-- Given data --
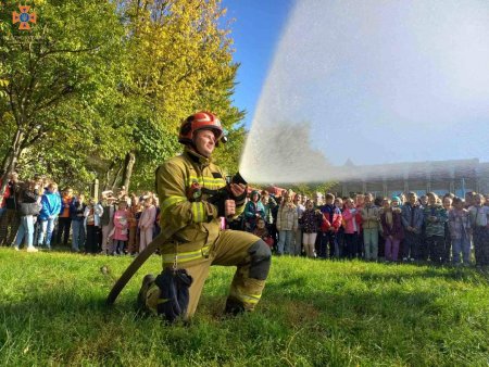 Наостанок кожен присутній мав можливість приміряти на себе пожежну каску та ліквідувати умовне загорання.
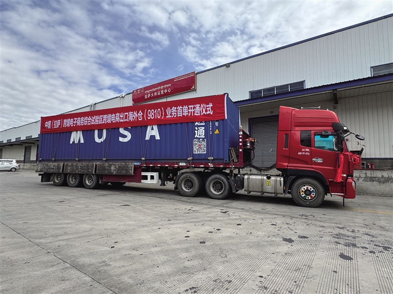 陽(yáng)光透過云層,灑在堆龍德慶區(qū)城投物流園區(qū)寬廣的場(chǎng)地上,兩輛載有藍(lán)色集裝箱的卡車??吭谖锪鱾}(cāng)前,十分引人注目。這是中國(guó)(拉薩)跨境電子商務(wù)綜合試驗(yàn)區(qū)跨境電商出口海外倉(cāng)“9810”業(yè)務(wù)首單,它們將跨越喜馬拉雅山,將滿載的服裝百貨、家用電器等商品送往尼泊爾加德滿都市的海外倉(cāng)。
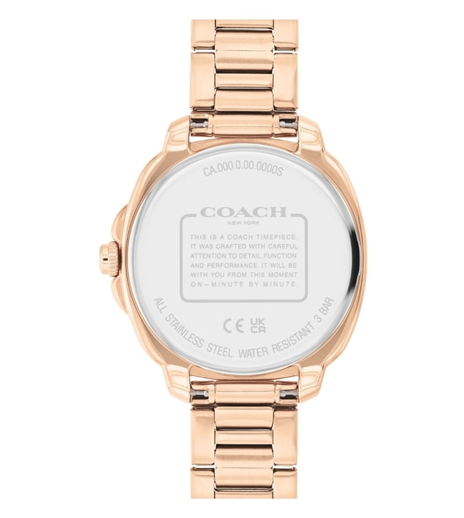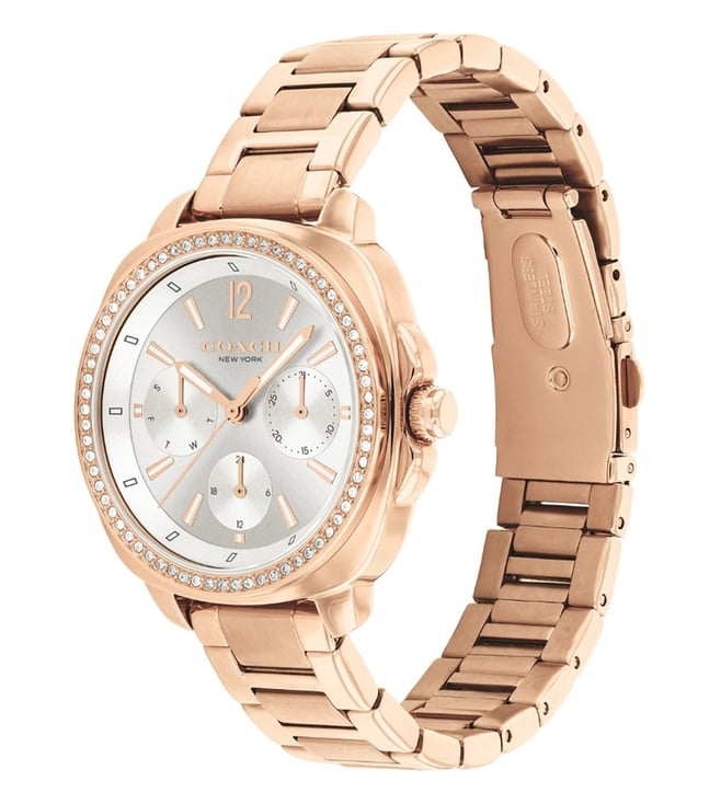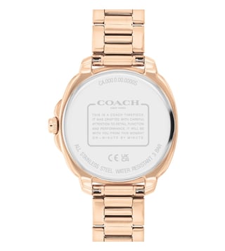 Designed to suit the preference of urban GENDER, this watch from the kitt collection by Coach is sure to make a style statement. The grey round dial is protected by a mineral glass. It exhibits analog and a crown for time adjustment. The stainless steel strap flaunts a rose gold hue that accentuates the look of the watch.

-- Your objective --
Restate all of the material word for word. Keep out every picture.

-- Answer space --
 Наостанок кожен присутній мав можливість приміряти на себе пожежну каску та ліквідувати умовне загорання.
 陽(yáng)光透過云層,灑在堆龍德慶區(qū)城投物流園區(qū)寬廣的場(chǎng)地上,兩輛載有藍(lán)色集裝箱的卡車??吭谖锪鱾}(cāng)前,十分引人注目。這是中國(guó)(拉薩)跨境電子商務(wù)綜合試驗(yàn)區(qū)跨境電商出口海外倉(cāng)“9810”業(yè)務(wù)首單,它們將跨越喜馬拉雅山,將滿載的服裝百貨、家用電器等商品送往尼泊爾加德滿都市的海外倉(cāng)。
 Designed to suit the preference of urban GENDER, this watch from the kitt collection by Coach is sure to make a style statement. The grey round dial is protected by a mineral glass. It exhibits analog and a crown for time adjustment. The stainless steel strap flaunts a rose gold hue that accentuates the look of the watch.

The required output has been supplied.